Devolution has gained renewed momentum in UK policy circles, but economists warn it carries significant risks alongside its much-discussed potential rewards.

Andy Burnham’s pitch for devolution was laudable, with an economic mission centred around bottom-up, place-based policy capable of kick-starting national growth and productivity, especially given the overly centralised national policy engine.

However, devolution should not be seen as a panacea for lagging regional productivity and living standards across the country.

The UK has spent a decade experimenting with various place-based policies, from City Deals and Growth Deals to Enterprise Zones, Trailblazer Deals, and the more recent levelling-up agenda.

So far, according to Sanjay Raja, a researcher at the University of Cambridge focusing on the economics of English devolution, the results have been ambiguous at best.

Policymakers have mainly relied upon pinpoint initiatives rather than laying the foundation for long-term growth, a structural flaw that has undermined the potential of previous devolution efforts.

Building institutional capacity is one of the first prerequisites for getting devolution right, and Greater Manchester is often cited as a model because it built delivery capability over years via Transport for Greater Manchester.

Fulfilling devolution to its maximum potential would require a big downpayment from central government, including installing paid commissioners and experts, as well as secondments from Whitehall to build institutional capacity at a local level.

Political capital among regional institutions is equally essential, as devolution is fundamentally a coalition exercise where mayors chair combined authorities and depend on council leaders voting with them on funding and major decisions.

Where leaders trust one another to put “place before politics”, devolution moves, but political capital cannot be legislated into existence and must be built through repeated, successful collaboration.

Fiscal autonomy remains another critical ingredient, with the Treasury still controlling all core funding and local authorities largely spending allocated and ring-fenced money rather than revenues they raise themselves.

Too often, devolution has been shaped by a competition for Treasury funding rather than local need, distorting priorities and undermining the development of genuine bottom-up growth strategies.

Raja argues the path to delivering good devolution is sequential rather than simultaneous, requiring an ambitious but realistic roadmap to set the course for effective and lasting change.

Central government will need to work alongside local government to build capacity before transferring large amounts of power, and fiscal autonomy must be earned in stages to ensure taxpayer value for money.

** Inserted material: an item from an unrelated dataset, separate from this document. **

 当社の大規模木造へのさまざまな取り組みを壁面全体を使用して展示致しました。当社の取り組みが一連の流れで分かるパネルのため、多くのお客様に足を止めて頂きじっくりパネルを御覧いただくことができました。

There is one reality every place-based policy must confront directly: it will produce regional winners and losers, and devolution has a long history of widening the gap between thriving and struggling areas as much as closing it.

The next government will need to govern that tension openly, balancing the promise of levelling up against the tendency of growth to concentrate in already-strong areas.

Devolution works where it has been given the time, capacity, money, and trust to mature, and where any of those four ingredients is missing, progress stalls and momentum is lost.

The instinct to roll devolution out everywhere at once, on a single fast-track timetable, risks repeating the failures of previous initiatives rather than replicating the genuine successes like Greater Manchester.

Putting the right pillars in place needs to be an early priority for the next prime minister, to ensure Greater Manchester’s success can be replicated rather than remain a one-off example.